NATHAN NG, University of Lethbridge
Simple zeros of modular L-functions  [PDF]

An old problem in analytic number theory is to show that an L-function possesses simple zeros. Thanks to work of Levinson and Bauer, it is known that any degree one L-function has infinitely many simple zeros. For degree two L-functions there are fewer results known. In this talk I will present some recent work which establishes the existence of infinitely many simple zeros for the L-functions attached to certain modular forms. This is joint work with M.B. Milinovich.

DAMIEN ROY, University of Ottawa
On rational approximation to real points on conics  [PDF]

Let $q(x_0,x_1,x_2)$ be a homogeneous polynomial of degree 2 in 3 variables, with rational coefficients.
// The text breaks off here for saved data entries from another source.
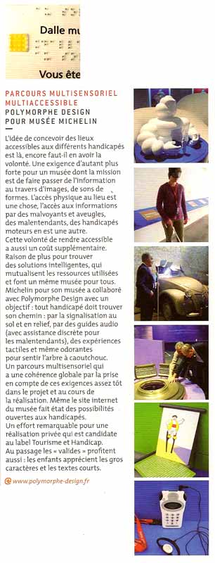 Michelin pour son musée a collaboré avec Polymorphe Design avec un objectif : tout handicapé doit trouver son chemin : par la signalisation au sol en relief, par des guides audio (avec assistance discrète pour les malentendants), des expériences tactiles et même odorantes pour sentir l'arbre à caoutchouc.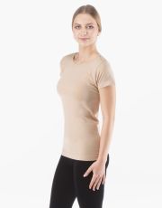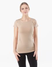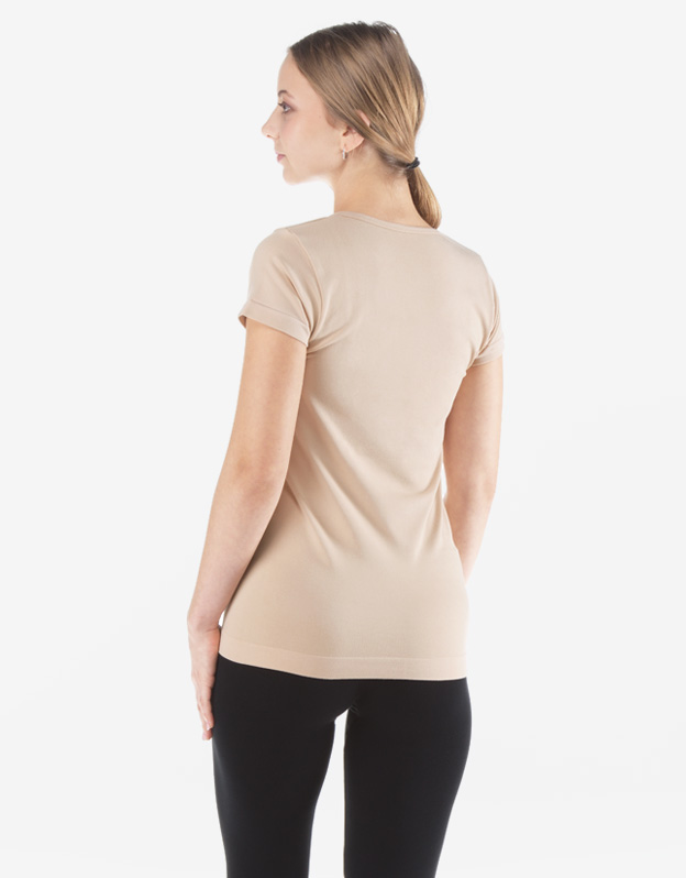Tričko s krátkým rukávem, dámské bezešvé prádlo. Dolní kraj je zapravený bezešvým způsobem. Průkrčník je začištěný lemovacím proužkem. Tričko je vhodné pro každodenní nošení i sport díky klasicky střiženému kulatému průkrčníku. Tričko je jednobarevné. Je bez loga.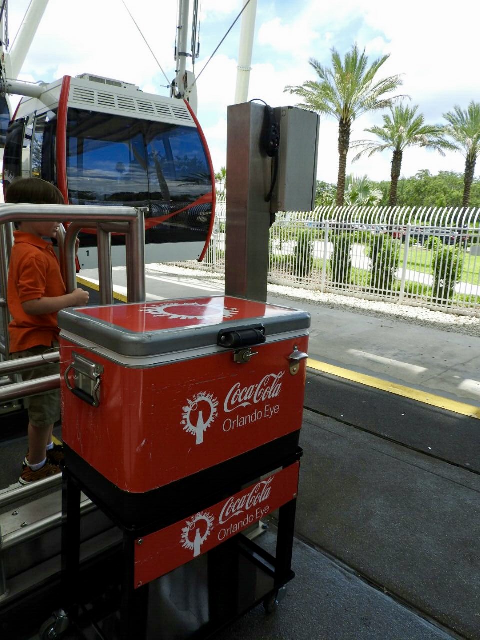 A Atração passou a ter o nome Coca-Cola, no ano passado, quando fez 1 ano de existência. As cabines passaram a ter o logo e ícones da marca. Quem reparou nas fotos, viu que existem algumas cabines que são vermelhas. Na verdade são quatro. Estas cabines oferecem um serviço VIP, com música, um cooler com refrigerantes gratuitos e bastões de selfie disponíveis, para que fotos incríveis sejam tiradas durante o passeio. Esse serviço VIP não pode ser adquirido, é pura sorte! As pessoas que estavam na nossa frente, pegaram a cabine vermelha. Ahhhh, quase fomos nós….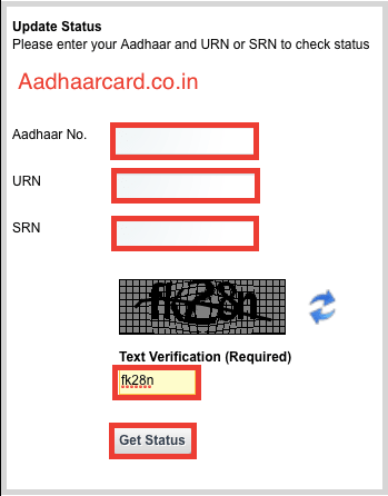 3. Enter your Aadhar Number, Your Update Request Number (URN) and Captcha in their Fields.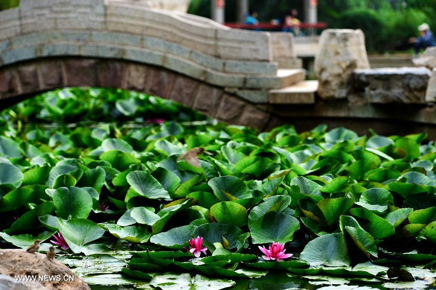 Photo taken on May 24, 2014 shows water lily flowers at Shunyu Park in Jinan, capital of east China's Shandong Province, May 24, 2014. (Xinhua/Guo Xulei)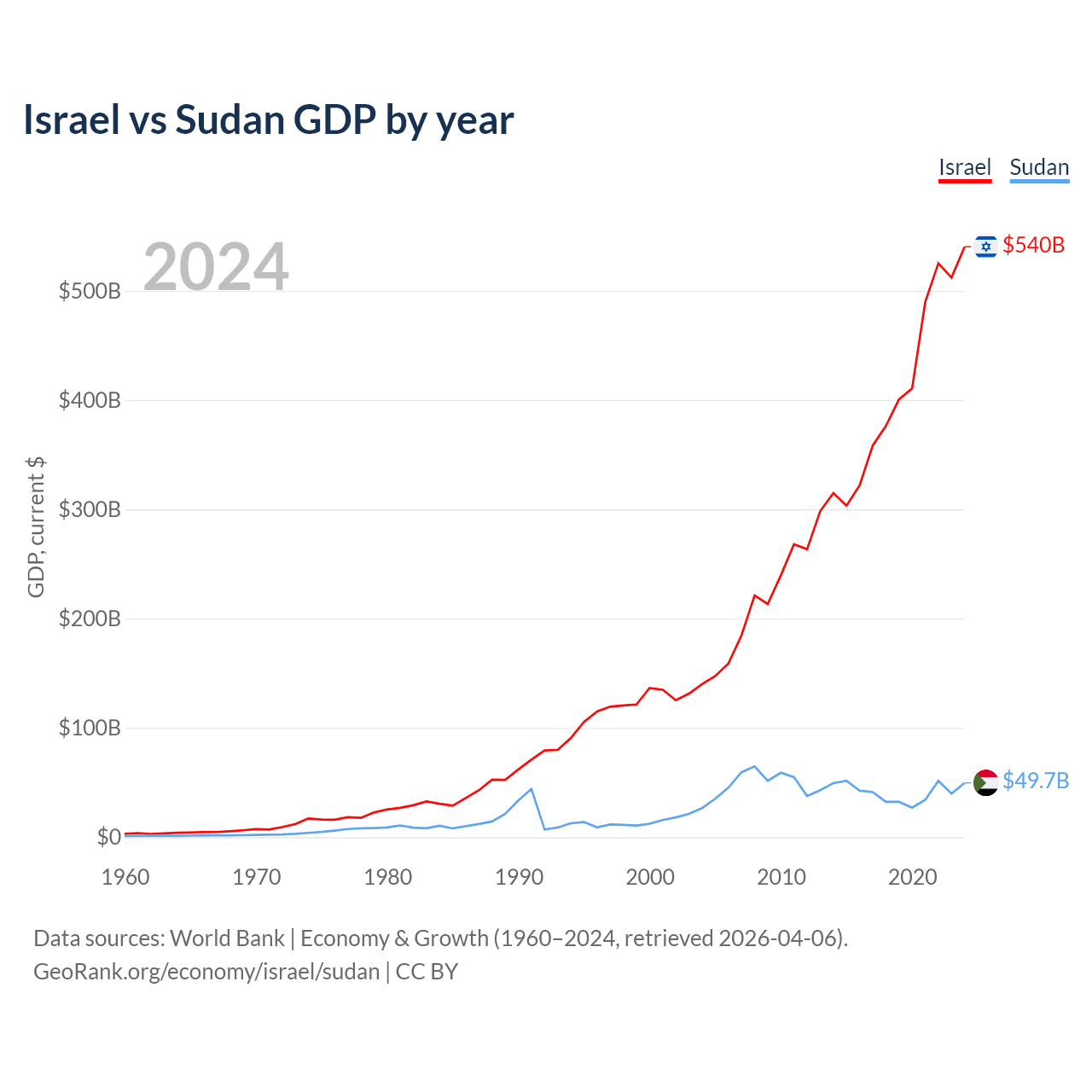 Israel has a GDP of $540B compared to $49.7B for Sudan, ranking 29/197 and 94/197 by economy size, respectively.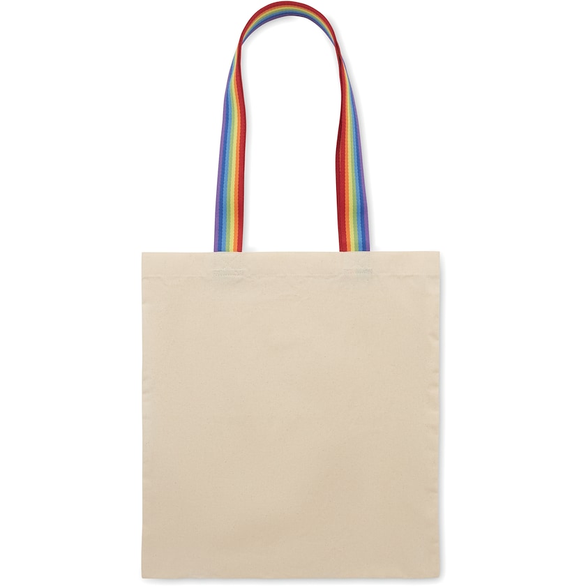 Baumwolltasche mit regenbogenfarbenen Griffen. Gefertigt aus robuster 180 g/m² Baumwolle. Tragfähigkeit bis 2,5 kg.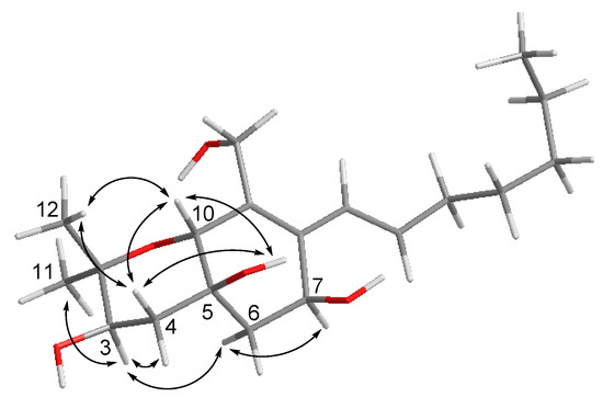 Pestalotheol K (3) has the molecular formula C16H24O5, containing one additional oxygen atom compared to truncateol Q, a polyketide analog isolated from Truncatella angustata [15]. The NMR data of 3 (Table 1) were similar to those of truncateol Q, except for the replacement of an olefinic methyl by an oxygenated methylene moiety at δC 60.9 and δH 4.21 and 4.16 (CH-13) and a hydroxy group at δH 3.70 (t, OH-13). The COSY correlation between OH-13/H-13ab and the HMBC correlations from H-13ab to C-11 (δC 122.8), C-12 (δC 139.9), and C-14 (δC 22.0) confirmed the location of this additional oxygenated methylene moiety at C-13. The remaining substructure and relative configuration of 3 were elucidated to be identical to truncateol Q after detailed analysis of the 2D NMR spectroscopic data of 3.

Assume that $q$ admits a non-trivial real zero and that $q$ is irreducible over the field $\mathbb{Q}$ of rational numbers. Denote by $U$ the set of real zeros of $q$ having $\mathbb{Q}$-linearly independent coordinates. We show that

a) each point in $U$ has an exponent of uniform rational approximation between $1/2$ and $1/\gamma \cong 0.618$, where $\gamma$ denotes the golden ratio,

b) the elements of $U$ for which the upper bound is achieved form an infinite countable set.

For $q(x_0,x_1,x_2) = x_0x_2 - x_1^2$, the statement a) is due to Davenport and Schmidt (1967) while b) is due to the author (2003). When $q$ is irreducible over $\mathbb{R}$ and admits a non-trivial rational zero, we are quickly reduced to that case. Otherwise, the proof of a) is simpler, but the existence of "extremal" points in b) requires additional tools.

MICHAEL RUBINSTEIN, University of Waterloo
Experiments with the explicit formula  [PDF]

The explicit formula relates the zeros of an L-function with its logarithmic derivative. I'll describe some experiments that I have carried out with the explicit formula.

KATHERINE STANGE, Stanford University
Integral points on elliptic curves and explicit valuations of division polynomials  [PDF]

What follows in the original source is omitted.